In the end, I don’t disagree with many of the points made by both Maureen Dowd and Sylvia Anne Hewlett. Women have different biological imperatives. Too many corporations still quietly penalize women for motherhood. The sacrifices that professional women who have children are forced to make are awful and heart-wrenching. The concept of “having it all” might have been as trustworthy as a stock-market recommendation from an analyst at Merrill Lynch. And yes, men can have babies at 71, while women can’t. (Although I’ve got to be honest here: As a father, I find this creepy, narcissistic, selfish and unfair to the legacy offspring they sire.)
At the same time, however, it does sort of rankle that, in terms of delayed and ultimately impossible motherhood, women are portrayed by Ms. Dowd as victims of male domination and not as complicit in the deal. I mean, not to put too fine a point on it, but the biological clock has been ticking-loudly-in the media for almost 20 years. Is this really news to anyone? Talk about clichés: Didn’t Roy Lichtenstein paint his famous Pop-art canvas-the one with the comic-book blonde crying out, “I can’t believe I forgot to have children”-in 1971?

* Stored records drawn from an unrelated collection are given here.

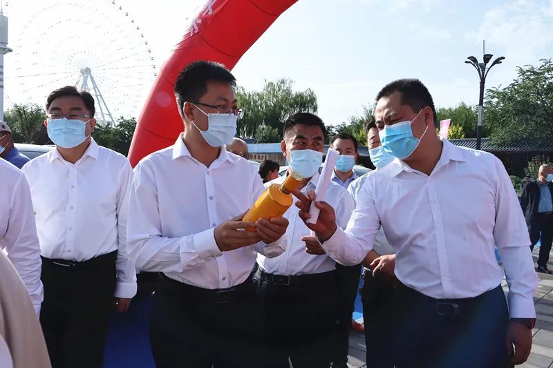 與會領(lǐng)導(dǎo)在皇臺酒業(yè)布展展臺前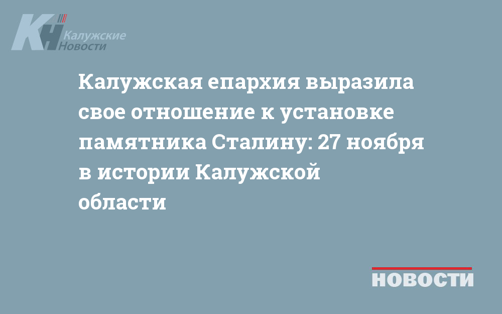 Калужская епархия выразила свое отношение к установке памятника Сталину: 27 ноября в истории Калужской области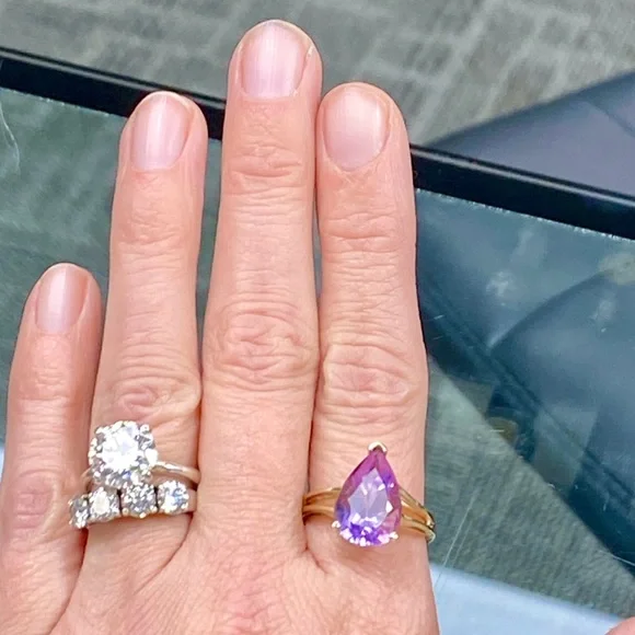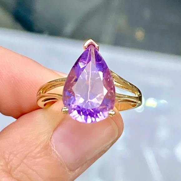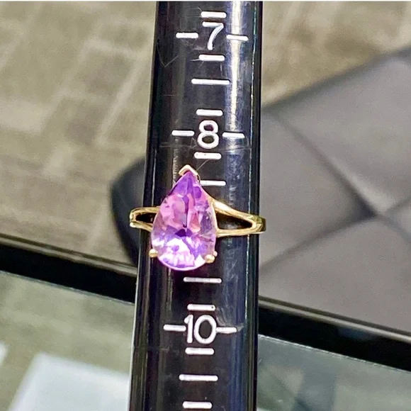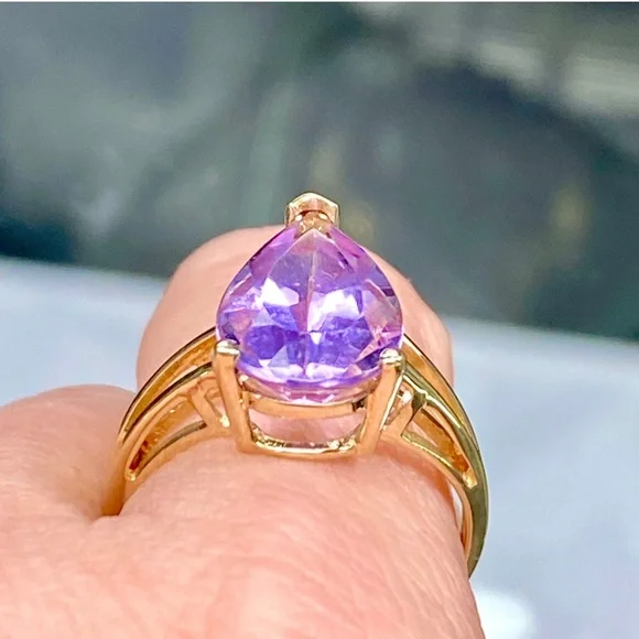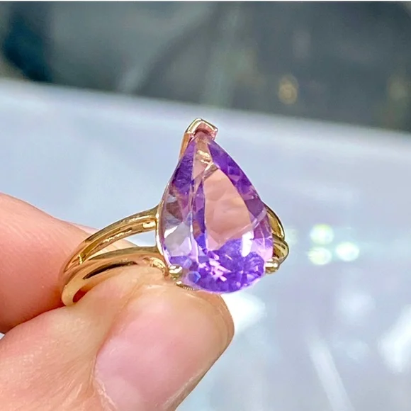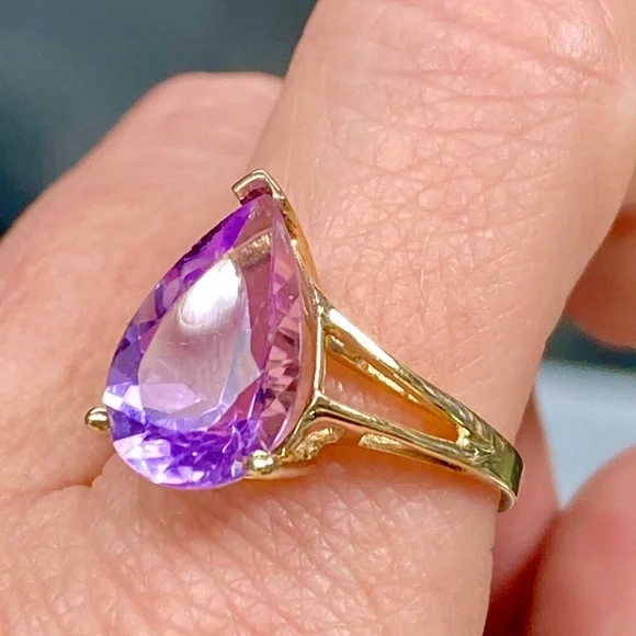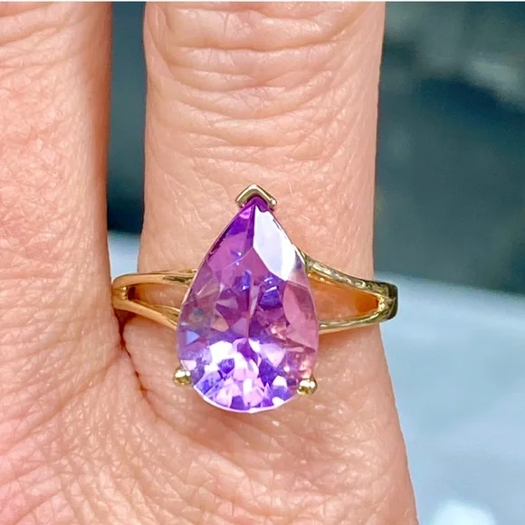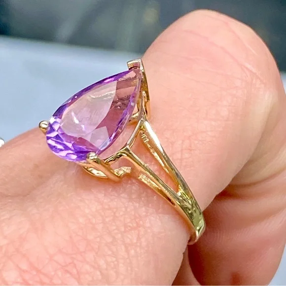 10k Yellow Gold 5 Carat Pear Shape Amethyst Ring - Teardrop Birthstone Ring•NEW! Never Worn!•Retail Price - $339•Solid 10k Yellow Gold•Total Weight - 5 Carats•Natural Amethyst - Stunning Color!•Size - 9, can be sized to fit you•February Birthstone•Gift Box & Jewelry Polishing Cloth included#0801120Stunning pear shaped 5 carat genuine Amethyst gemstone in a 10k yellow gold split shank ring. Solid gold, natural gemstone, genuine diamonds. Big look!Perfect cocktail, dinner, statement, fashion or birthstone ring!New, NWT, jewelry, statement, 10k yellow gold, gem, precious gemstone, real, solid, natural, genuine, authentic, February birthstone, purple lavender stone, large teardrop stone, 5ct, antique scroll, solitaire, trendy engagement bridal statement promise wedding ring, 5 carat, mid finger, knuckle, Barbie, barbiecore, bling maximalist birthday Christmas anniversary graduation wedding bridal promise fashion magical royalty solitaire teardrop pear sexy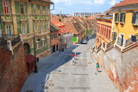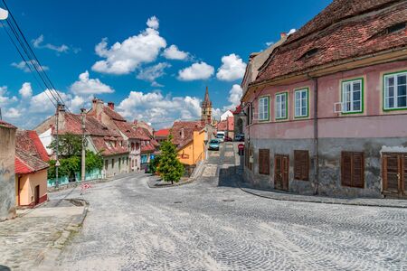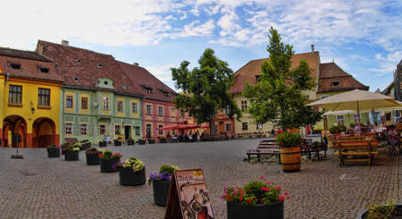 Sighisoara, Romania, 13 July 2021: Old colorful painted houses in the historical center of the Sighisoara citadel, in Transylvania (Transilvania) region, in a sunny summer day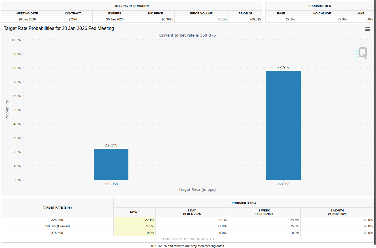When it comes to the good times continuing, market sentiment remains skeptical. Data from CME Groupโ€™s FedWatch Tool currently puts the odds of the Fed cutting rates again in January at just 22%.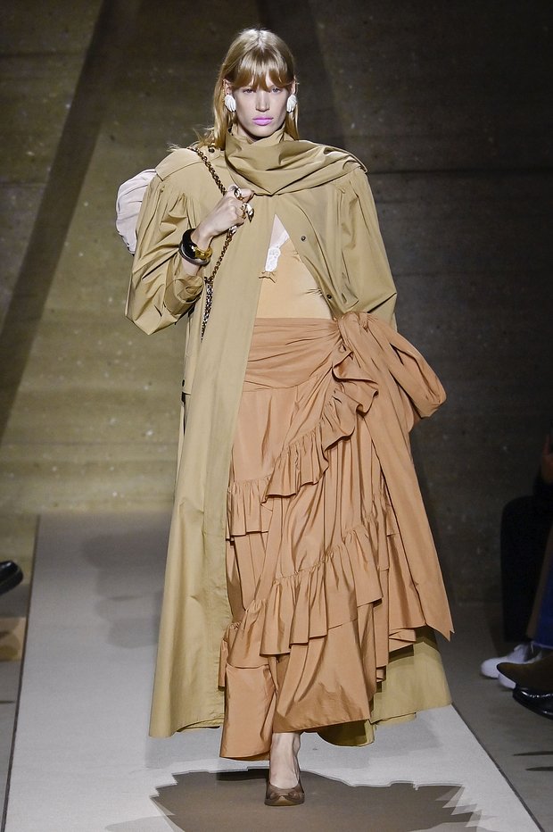 Помимо классических вариантов в бежевых тонах, в моде тренчи в оттенке хаки, черном или сером. Обращайте внимание и на крой плаща. Особенно актуально сейчас выглядят увеличенные плечи в стиле 1980-х, воротник-стойка, укороченный вариант с заниженной линией талии или асимметричным пошивом как у бренда Carven.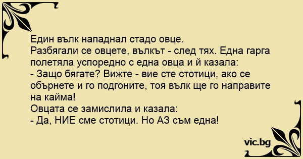 Разбягали се овцете, вълкът - след тях. Една гарга полетяла успоредно с една овца и й казала: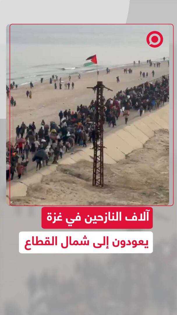 على أصوات التكبير والتهليل.. عودة الفلسطينيين من جنوب قطاع غزة إلى شماله، وذلك عقب إعلان الجيش الإسرائيلي السماح بعودة النازحين ابتداء من صباح اليوم الاثنين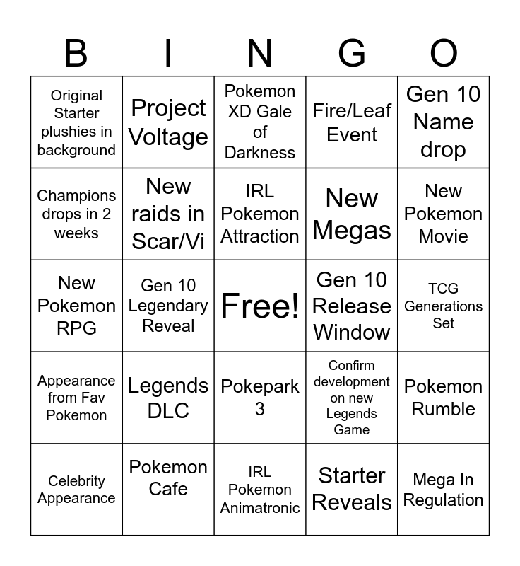 This bingo card has a free space and 24 words: Legends DLC, Pokemon Cafe, IRL Pokemon Attraction, Celebrity Appearance, Gen 10 Name drop, Original Starter plushies in background, Champions drops in 2 weeks, Project Voltage, Gen 10 Release Window, Pokepark 3, New Megas, New Pokemon RPG, Confirm development on new Legends Game, Pokemon Rumble, New raids in Scar/Vi, Starter Reveals, TCG Generations Set, Pokemon XD Gale of Darkness, New Pokemon Movie, Gen 10 Legendary Reveal, Mega In Regulation, Appearance from Fav Pokemon, Fire/Leaf Event and IRL Pokemon Animatronic.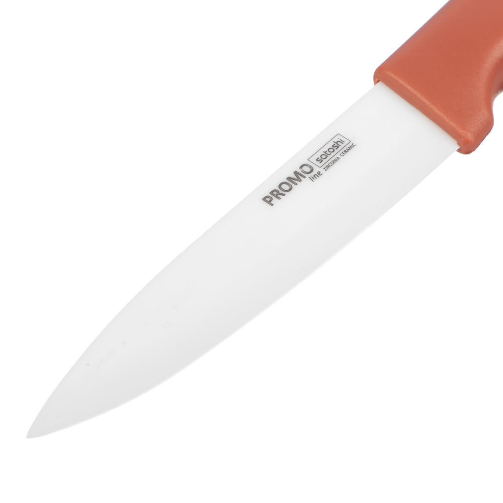 Нож кухонный керамический 10 см SATOSHI Промо удивит вас удобством и точностью нарезки. Керамическое лезвие не нуждается в частой заточке. Материал не вступает в реакцию со щелочами и кислотами, не боится ржавчины и надолго сохраняет опрятный внешний вид. Керамический кухонный нож порадует отличной остротой и качеством работы. Изделие не придает продуктам металлического привкуса и легко затачивается камнем с алмазным напылением. Эргономичная рукоятка удобно ложится в руке и обеспечивает комфортное использование аксессуара.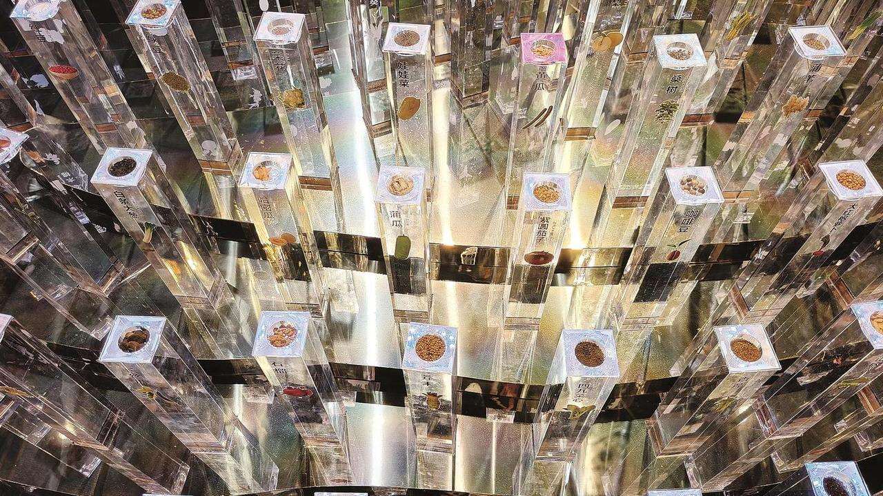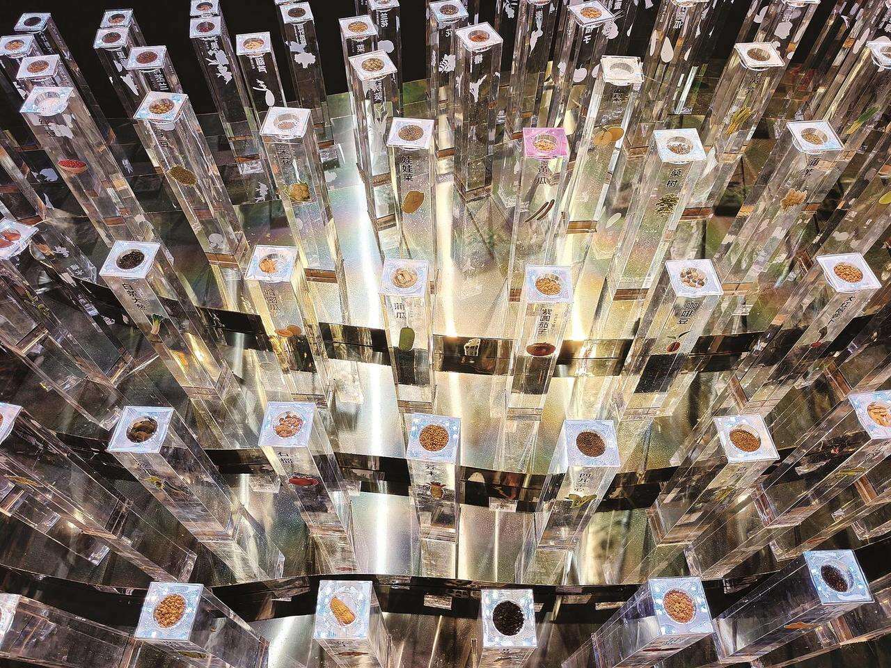 紧挨着农耕展区的,是种子厅。菜场上见到的、或是水果店买到的瓜果蔬菜,它们的种子到底长什么样?秋葵、娃娃菜、蒲瓜、花生……这些种子被放置在透明的容器里,游客可以凑近了去细看。不同的种子下方都配有图片,是它们长大后的样子,一目了然。
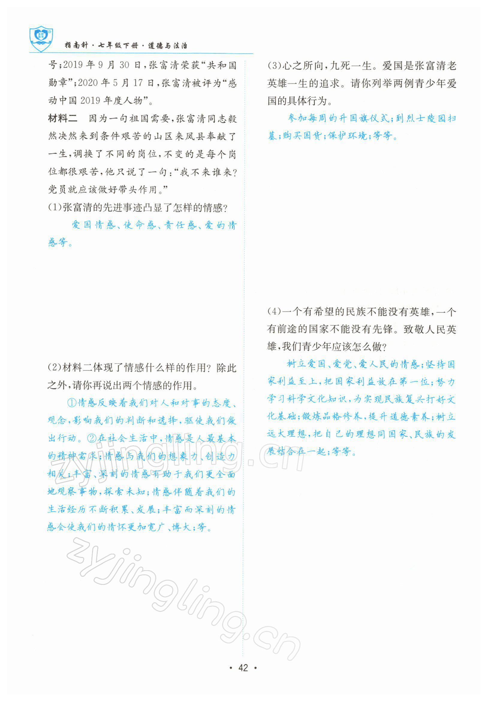 注:目前有些书本章节名称可能整理的还不是很完善,但都是按照顺序排列的,请同学们按照顺序仔细查找。练习册 2022年指南针导学探究七年级道德与法治下册人教版 答案主要是用来给同学们做完题方便对答案用的,请勿直接抄袭。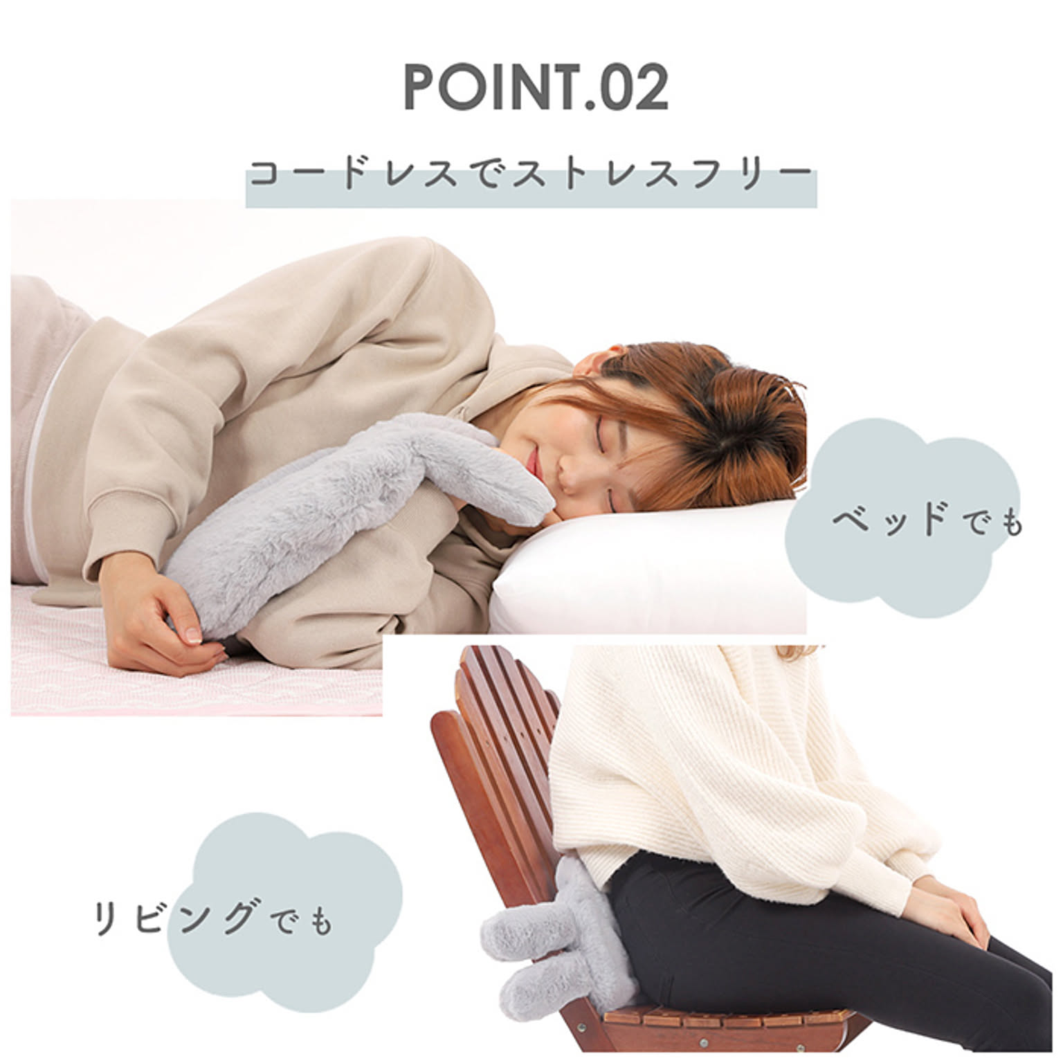 コードレスなのでストレスフリーにベッドでもリビングでもお使いいただけます。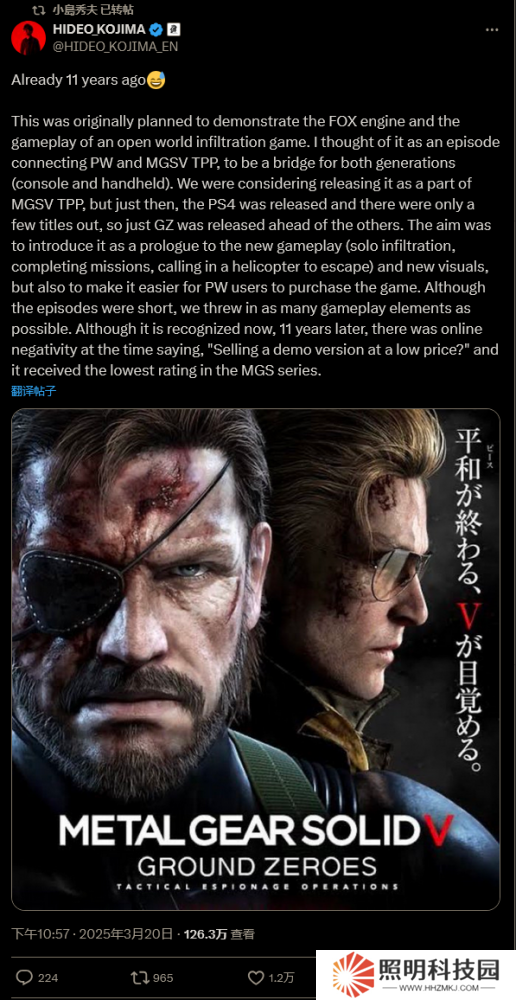 在《合金裝備5:原爆點》發售 11 年后,制作人小島秀夫在社交媒體上回憶了這款游戲發布時獲得大量差評的感受。

Call me cynical-or perhaps a cynical romantic-but I believe that for every one of us, male or female, there are a variety of different people we could marry. Some might be richer, some might be less successful, some might be better-or worse-in bed.
I always thought that tough, smart, accomplished women were sexy. So I married one, who was more successful and earning more money than I was when we started dating.
As the ultimate cynical romantic, the late Billy Wilder, put in the mouth of Joe E. Brown at the end of Some Like It Hot : “Nobody’s perfect.”
But in New York, men really do find successful women hot.